# PROBLEM TO WORK ON:
Would you reproduce exactly the lines below from the one holding "Dekbedovertrek Elegance van" through the one holding "کلاه کاسکت فک", inclusive, and no others?

# RECORDS PROVIDED:
____
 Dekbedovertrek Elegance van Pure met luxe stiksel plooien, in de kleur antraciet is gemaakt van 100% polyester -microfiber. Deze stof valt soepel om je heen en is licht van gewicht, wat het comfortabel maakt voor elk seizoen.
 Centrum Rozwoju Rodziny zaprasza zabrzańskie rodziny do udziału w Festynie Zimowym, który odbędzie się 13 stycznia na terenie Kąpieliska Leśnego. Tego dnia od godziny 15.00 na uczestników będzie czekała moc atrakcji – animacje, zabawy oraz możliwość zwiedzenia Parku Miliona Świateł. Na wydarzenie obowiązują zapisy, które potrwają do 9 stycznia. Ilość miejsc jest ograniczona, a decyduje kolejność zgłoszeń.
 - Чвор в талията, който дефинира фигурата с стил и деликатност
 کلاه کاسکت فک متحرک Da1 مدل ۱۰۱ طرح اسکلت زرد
____
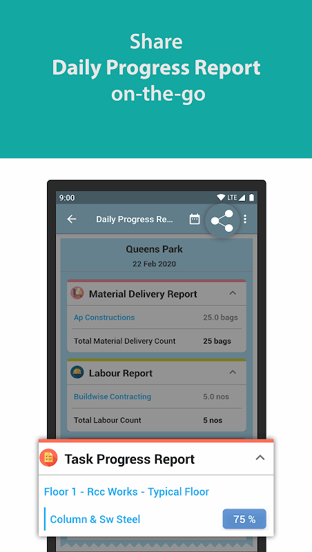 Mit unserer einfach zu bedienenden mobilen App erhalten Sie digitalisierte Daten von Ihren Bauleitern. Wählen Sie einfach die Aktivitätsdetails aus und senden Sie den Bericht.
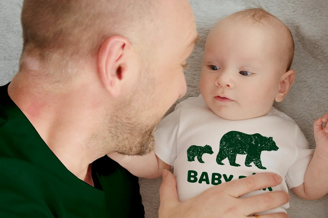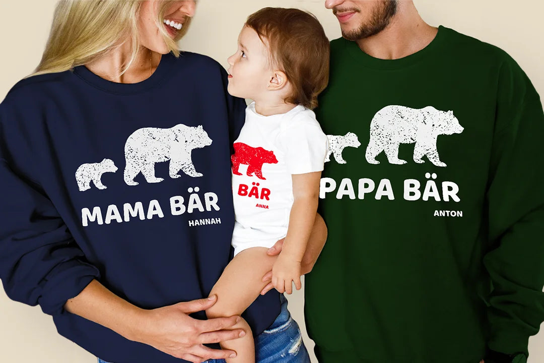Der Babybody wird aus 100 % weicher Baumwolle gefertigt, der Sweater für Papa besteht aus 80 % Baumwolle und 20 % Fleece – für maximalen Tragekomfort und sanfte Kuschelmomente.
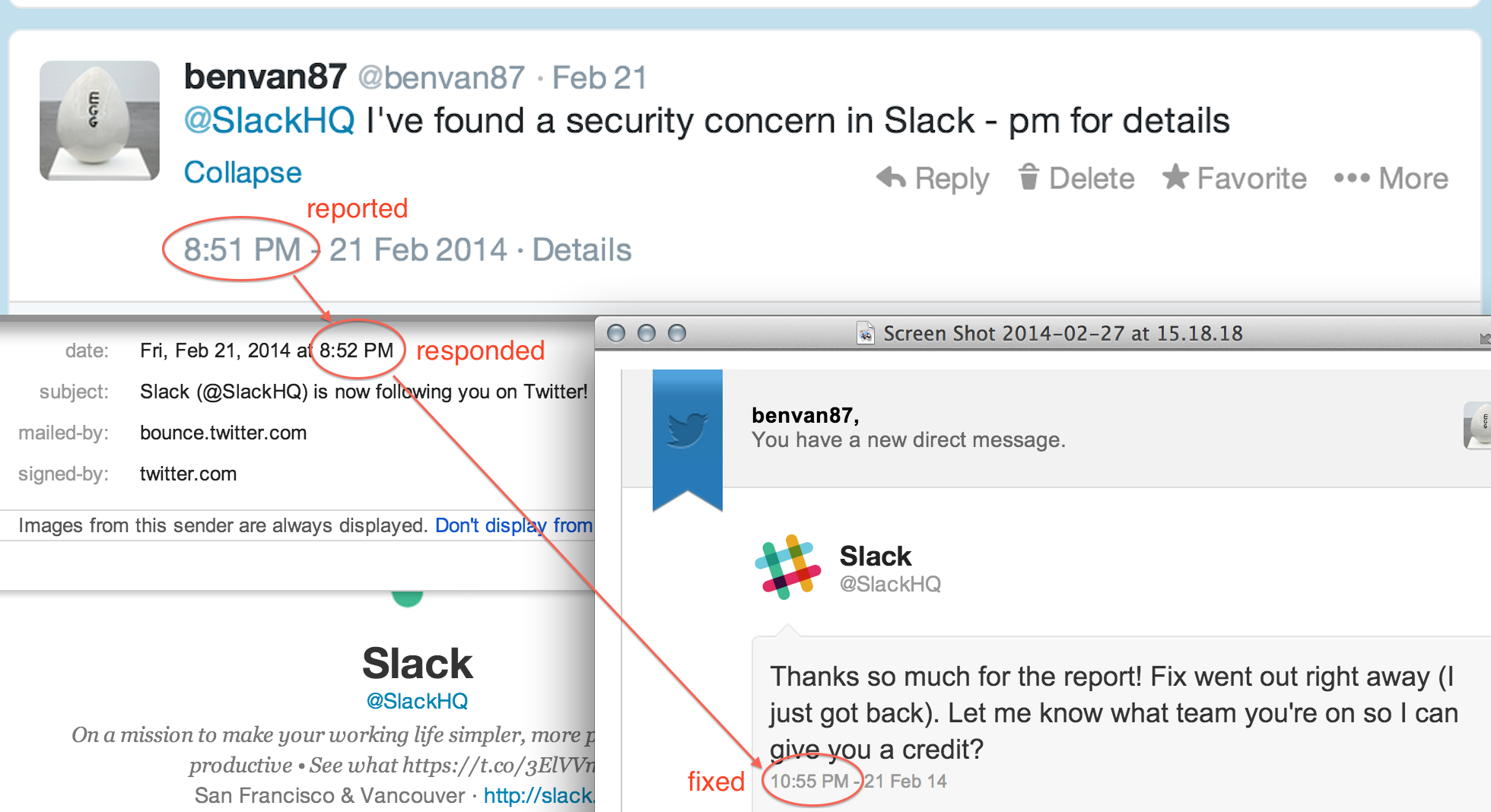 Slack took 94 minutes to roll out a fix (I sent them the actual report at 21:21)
____
# THE COMPLETED TASK:
 Dekbedovertrek Elegance van Pure met luxe stiksel plooien, in de kleur antraciet is gemaakt van 100% polyester -microfiber. Deze stof valt soepel om je heen en is licht van gewicht, wat het comfortabel maakt voor elk seizoen.
 Centrum Rozwoju Rodziny zaprasza zabrzańskie rodziny do udziału w Festynie Zimowym, który odbędzie się 13 stycznia na terenie Kąpieliska Leśnego. Tego dnia od godziny 15.00 na uczestników będzie czekała moc atrakcji – animacje, zabawy oraz możliwość zwiedzenia Parku Miliona Świateł. Na wydarzenie obowiązują zapisy, które potrwają do 9 stycznia. Ilość miejsc jest ograniczona, a decyduje kolejność zgłoszeń.
 - Чвор в талията, който дефинира фигурата с стил и деликатност
 کلاه کاسکت فک متحرک Da1 مدل ۱۰۱ طرح اسکلت زرد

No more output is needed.